Hier, dernier délai pour se présenter au greffe du tribunal pour attester de sa représentation en justice, comme le prévoit le Code de procédure pénale, l'accusé est resté droit dans ses bottes de « désobéissance civile ».
Une attitude de défiance à laquelle s'ajoute celle de ses avocats qui exigent, avant toute déférence à la convocation du tribunal, des « conditions normales de sécurité » de leur client.
Faut-il y voir quelques manoeuvres dilatoires d'un homme politique pour se soustraire de la justice ?
La question mérite d'être posée tant cette posture victimaire bien rôdée est sujette à caution et paradoxale de la part d'un homme qui rêve d'un destin national.
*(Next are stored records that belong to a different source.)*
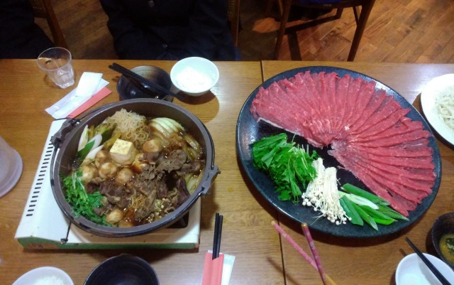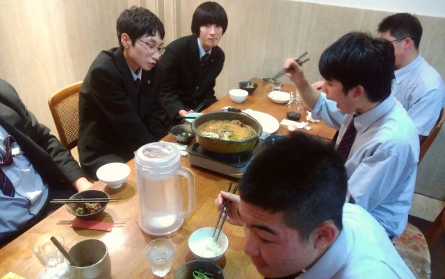 一日中歩き回った後の夕食はすき焼き。男子は、女子が食べきれなかった分もきれいにいただいたので、大満足のひとときとなりました。
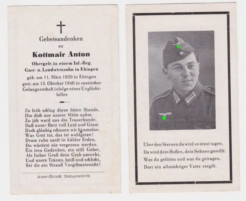 98033 Sterbebild WK2 gestroben in russischer Gefangenschaft Ungl?cksfall 1946
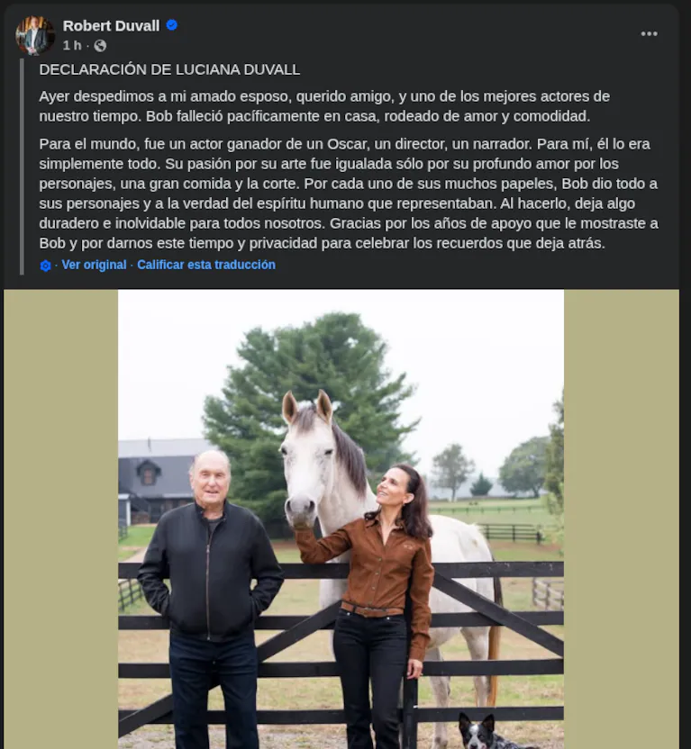 La muerte de Robert Duvall a los 95 años conmovió a Hollywood y al mundo del cine. Sin embargo, fue el mensaje de su esposa argentina, Luciana Pedraza, el que terminó de emocionar a sus seguidores. La actriz y productora confirmó la noticia a través de las redes sociales con una despedida cargada de amor y gratitud.
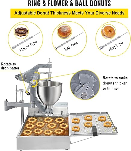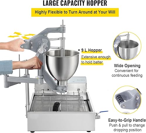 Friteuse à Beignets 3000 W, Mini Machine à Beignets Commerciale Manuelle, capacité de 9 L, friteuse à Beignets Commerciale, 3 moules à Beignets, Machine à Beignets, épaisseur régla

En effet, voici un monsieur qui aspire en toute légitimité de diriger une nation, à en être le premier magistrat mais dont les comportements jurent avec le respect et l'obéissance que tout citoyen doit à l'institution judiciaire de son pays.
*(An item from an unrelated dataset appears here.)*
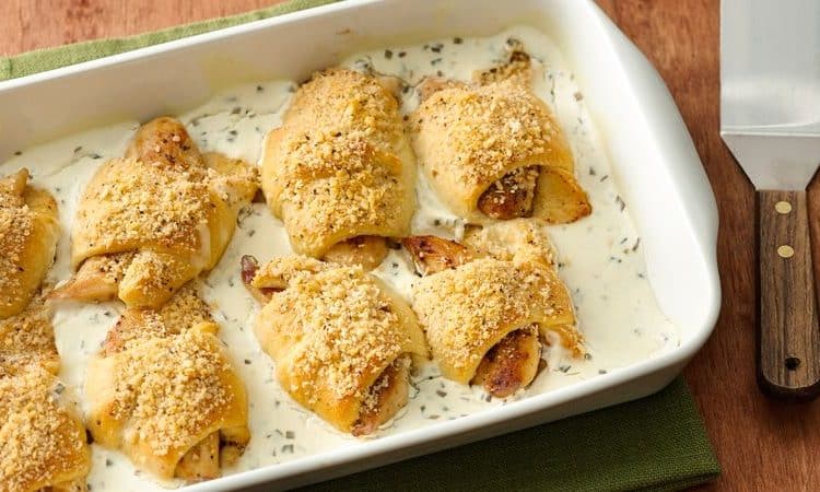 · قدمي الكرواسون بالدجاج وصلصة الجبن دافئاً وبالهنا والشفا.

En aucun cas, ni l'instrumentalisation supposée ou avérée de la justice, ni l'honorabilité, ni la popularité du candidat déclaré à la prochaine présidentielle ne sauraient justifier pareille bravade aux juridictions.
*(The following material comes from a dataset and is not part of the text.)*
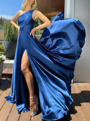Vestidos de corte A/princesa de satén con efecto seda, volantes, un hombro, sin mangas, con cola larga

Instrumentaliser la justice, comme le dénonce Ousmane Sonko, est un acte qui ne saurait être accepté. Tout comme ne le saurait être l'instrumentalisation de la rue contre la justice qui semble être la marque de fabrique du président du PASTEF.
Il est grand temps, que dans ce feuilleton politico-judiciaire, le pouvoir et l'opposition sachent privilégier l'intérêt général car il y va de la préservation de la paix sociale du Sénégal plus que à jamais au bord de l'abîme.